# bosch jig saw



## Woodworkingkid (Jan 8, 2011)

So a couple of days ago I got a great lowes coupon and have been wanting a better jig saw for about a year because when I first started I got a 20$ bleak and darker jig saw which I have never been happy with lots of side to side movement of the blade and it is so tough to be able to follow a line so I got a bosch js260 6 amp ig saw for 80. What a difference I have done a lot of test cuts and up until now I never knew how good jig saws could be. I did around 20 cuts with it and would highly recommend it.it can do tight curves with ease and is easy to follow the line with this saw.the tooles blade change works great and you don't have to touch the hot blade when you take it out. The six amp motor provides plenty of power.

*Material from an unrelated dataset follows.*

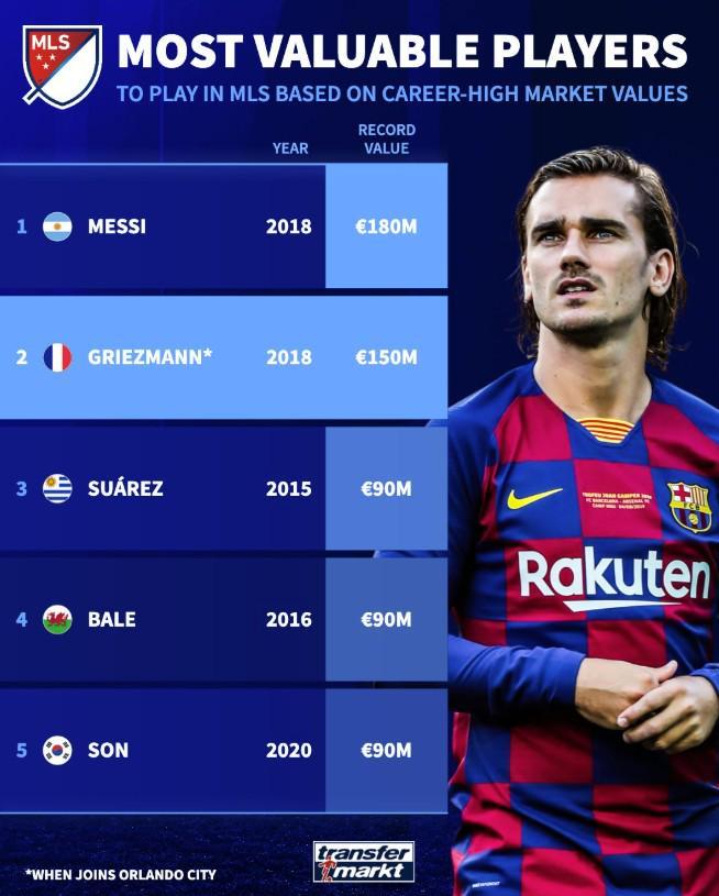 北京时间3月24日,奥兰多城官方宣布,马竞前锋格列兹曼将于下赛季加盟球队,德转也列出了效力过或即将效力美职联的球员巅峰身价榜,梅西的1.8亿欧元居首,格列兹曼1.5亿欧排名第二。
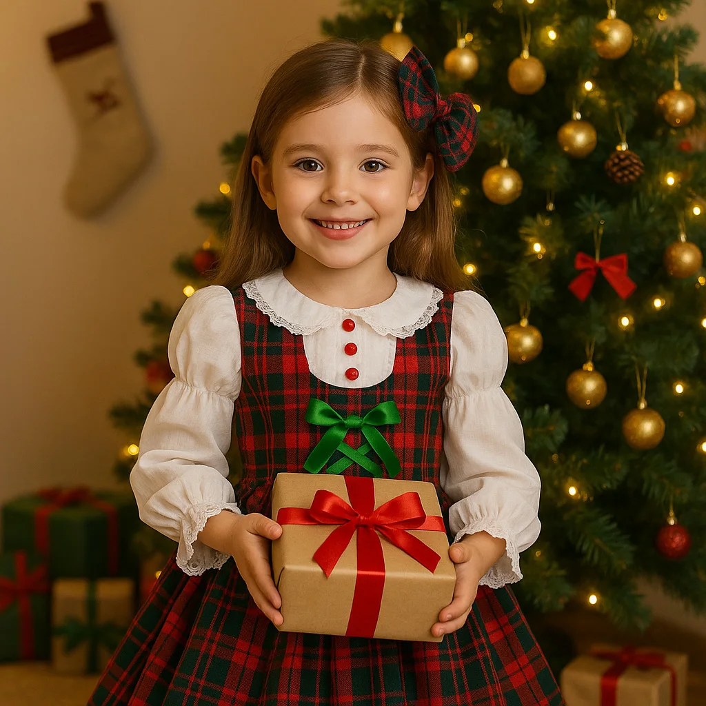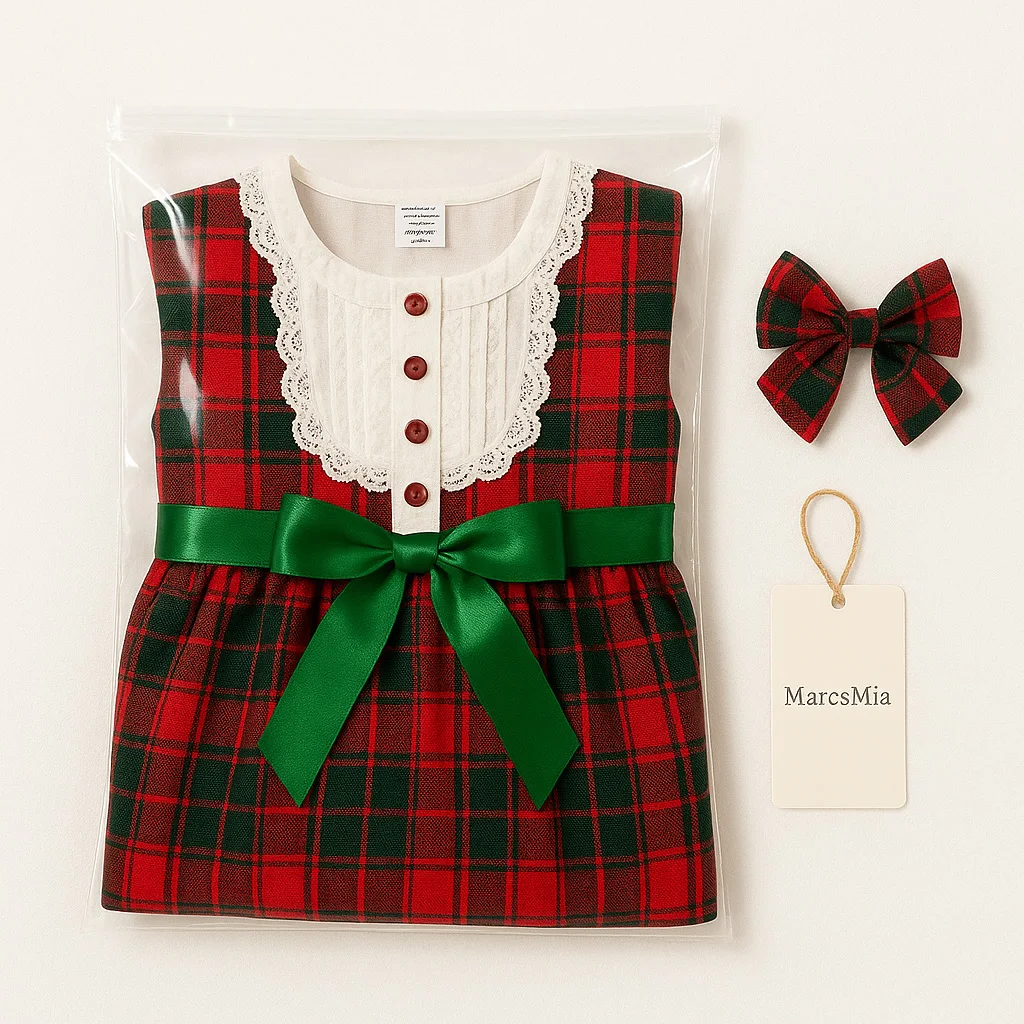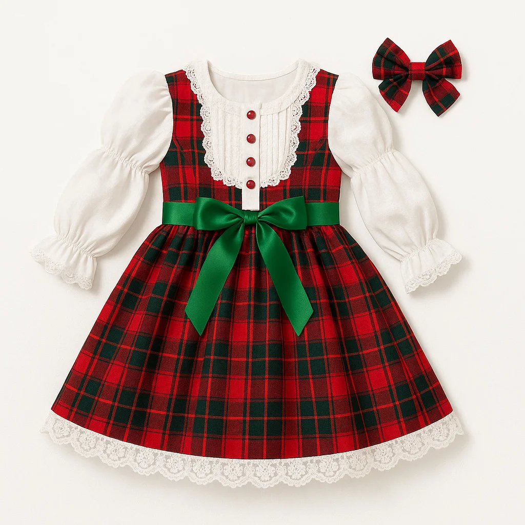 Factory Direct Custom Kids Christmas Plaid Dress with Lace Trim & Bow OEM ODM Holiday Girl Party Dresses Supplier

The variable speed selector on the trigger is great and I have no complaints at all about this saw.


----------



## H. A. S. (Sep 23, 2010)

Agreed, Bosch is one great saw.


----------



## Kenbo (Sep 16, 2008)

I've heard nothing but good things about this saw. Glad to hear that you finally have one that you are happy with. Congrats on the purchase man.


----------



## troyd1976 (Jul 26, 2011)

How'd ya get the great cupon? is it better than the 10% movers one?


----------



## cabinetman (Jul 5, 2007)

Bosch makes one of the best jig saws IMO. I still use the first 1587 I bought when they first came out.












 







.


----------



## mdntrdr (Dec 22, 2009)

Can't comment on, new Bosch.

Older Bosch, is the monster, replace the brushes, and they keep on kikin! :smile:


----------



## recordscabinets (Sep 27, 2011)

Hands down, the Bosch is the best. I've burned through several others including Dewalt, Porter Cable and Skil...nothing holds up like the Bosch.


----------



## Pirate (Jul 23, 2009)

mdntrdr said:


> Can't comment on, new Bosch.
> 
> Older Bosch, is the monster, replace the brushes, and they keep on kikin! :smile:



Same here. Bought a used old barrel grip for $35 and love it. The barrel grip, gives me a lot more control. I guess the toolless blade change would be nice, as on the new ones, but, I can deal with it.
If I have a longer board that needs to be cut down, I rough cut with the Bosch, so I can get it to the ras, in my crowded shop.


----------



## TimPa (Jan 27, 2010)

never had a better jigsaw in my hands than the boch barrel grip. almost knows where to cut by itself. beautiful tool.


----------



## SDPPM (Jul 16, 2011)

When you use a Boush Jig saw you will never look at the jigsaw as a third or 4 choice. The blades they make today are in credible and you can make very precise cuts, etc. I cant say enough good about the Boush Jig Saw.


----------



## DannyT (Apr 26, 2011)

when i started working construction 40 years ago all the pro contractors used bosch jigsaws and it was that way for quite a few years. wasn't anything close to it for quality and durability.


----------